[[ SUPPLIED DATA open ]]
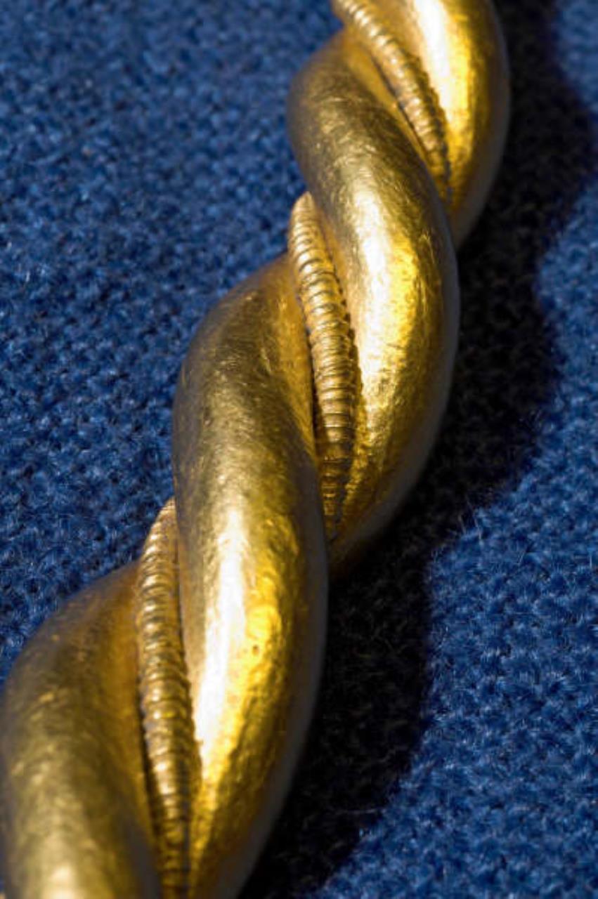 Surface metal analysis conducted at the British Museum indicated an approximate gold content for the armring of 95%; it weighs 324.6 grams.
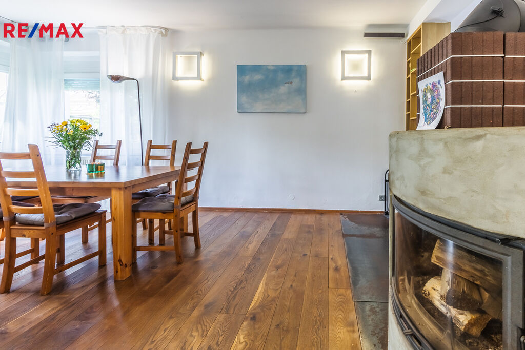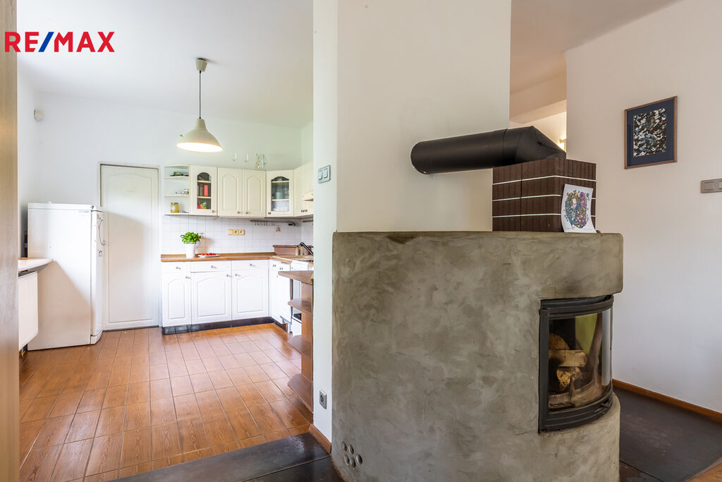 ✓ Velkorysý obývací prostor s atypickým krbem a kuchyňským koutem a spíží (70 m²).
[[ SUPPLIED DATA closed ]]
[[ SUPPLIED DATA open ]]
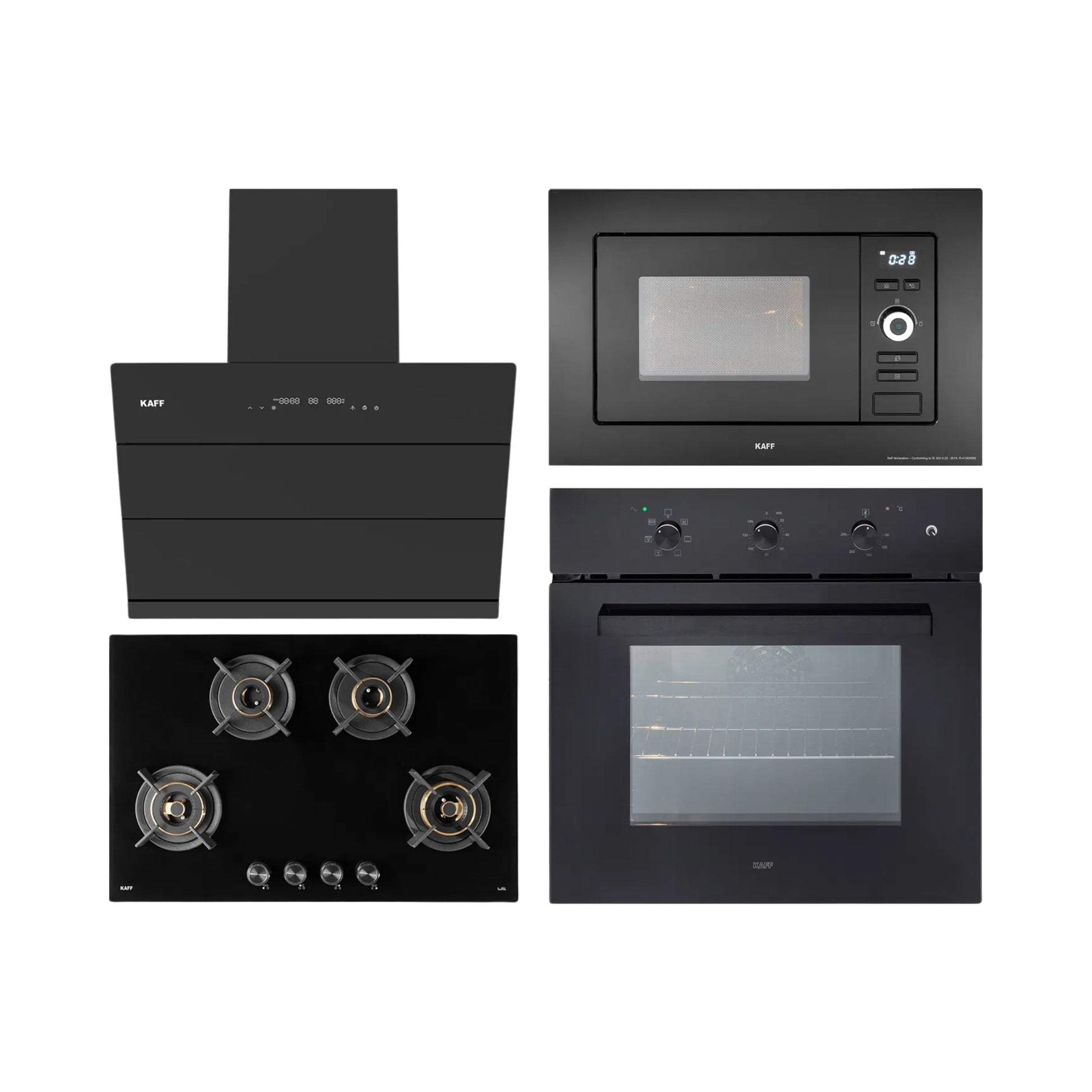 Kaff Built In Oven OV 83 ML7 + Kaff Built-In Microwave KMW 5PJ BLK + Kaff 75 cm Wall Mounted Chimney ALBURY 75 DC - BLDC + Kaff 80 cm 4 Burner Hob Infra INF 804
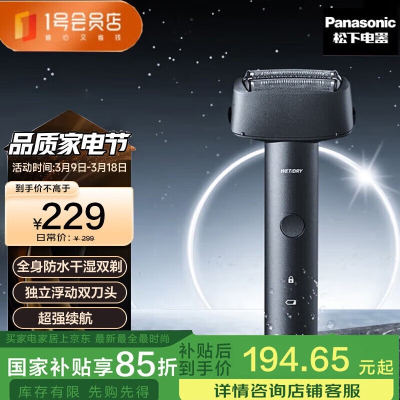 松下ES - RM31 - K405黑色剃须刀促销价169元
[[ SUPPLIED DATA closed ]]
● ASSIGNMENT
With the pictures removed, print only the lines starting at the line that has "Kaff Built In" and ending at the line that has "松下ES - RM31 - K405黑色剃须刀促销价169元", both ends included, exactly as they stand above.

● SOLUTION TO THE PROBLEM
 Kaff Built In Oven OV 83 ML7 + Kaff Built-In Microwave KMW 5PJ BLK + Kaff 75 cm Wall Mounted Chimney ALBURY 75 DC - BLDC + Kaff 80 cm 4 Burner Hob Infra INF 804
 松下ES - RM31 - K405黑色剃须刀促销价169元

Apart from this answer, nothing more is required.